Ahhh, so alpha depends on the number of documents too. Alright, thanks!!
So, if T3 wouldn’t be zero we would end up with 8 in the denominator, right?
@@eboi9081 Yep
@@futuremojo I guess we can calculate the denominator as -> (Words in T1 + a) + (Words in T2 + a) + (Words in T3 + a) = (2 + 1) + (2 + 1) + (0 +1) = 7
A few more questions from me:
1. At around 27 mins, is there a reason why this form of additive smoothing is different to the one in Naive Bayes? i..e how come there isn't a factor of K or V in the denominators.

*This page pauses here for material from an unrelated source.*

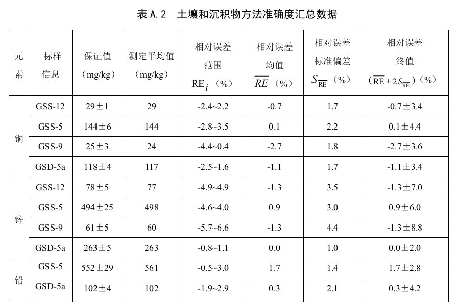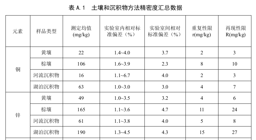 家實驗室對不同類型的土壤和沉積物統一樣品進行了測定,方法的重復性和再現性等精密度數據見表A.1。

2. When selecting a new topic for a word (step 5 in Collapsed Gibbs Sampling), do we choose the topic that maximises the criteria (i.e. the product of the fractions) or do we sample a topic from this distribution? In your example, we choose topic 1 but is there a chance topic 2 or 3 could have also been selected? Again, is there a reason for this.
Thanks, Sam.
1. That's unclear notation from me. The summation in the denominator includes the addition of the hyperparameter.
2. We sample from this distribution. So in our example, topics 2 and 3 had lower probability but still could've been chosen. If instead of sampling, we picked the most probable, we would be optimizing instead and very likely underestimating the uncertainty in the other parameters. With CGS, you're making a probable guess and as you go through more iterations, the guesses get stronger and stronger. That being said, what's the practical outcome of always picking the most probable instead of sampling? I don't know.
This is the best course for understanding NLP! The author did a great job explaining concepts in detail, but there is a minor terminology issue I want to highlight to avoid confusion. When the course refers to "vocabulary", it does not always mean just the individual words. More accurately, in NLP the "vocabulary" is the set of unique tokens that occur in the text corpus.
To elaborate:
1. By default, the vocabulary contains the unique unigrams (single words) in the corpus.
2. However, it can also include n-grams (sequences of multiple words) if we tokenize the text into n-grams rather than just unigrams.
3. Therefore, it is more precise to refer to the "tokens" rather than just the "vocabulary." The term "tokens" makes it clear we could be talking about either unigrams or n-grams, depending on the tokenization approach used.
4. This vocabulary or token set is what forms the basis for representations like word embeddings, indexing documents, etc.
That being said, using "tokens" is a more accurate general term than "vocabulary" when we want to refer to both potential unigrams and n-grams. Just wanted to point out this terminology distinction to prevent any confusion down the line.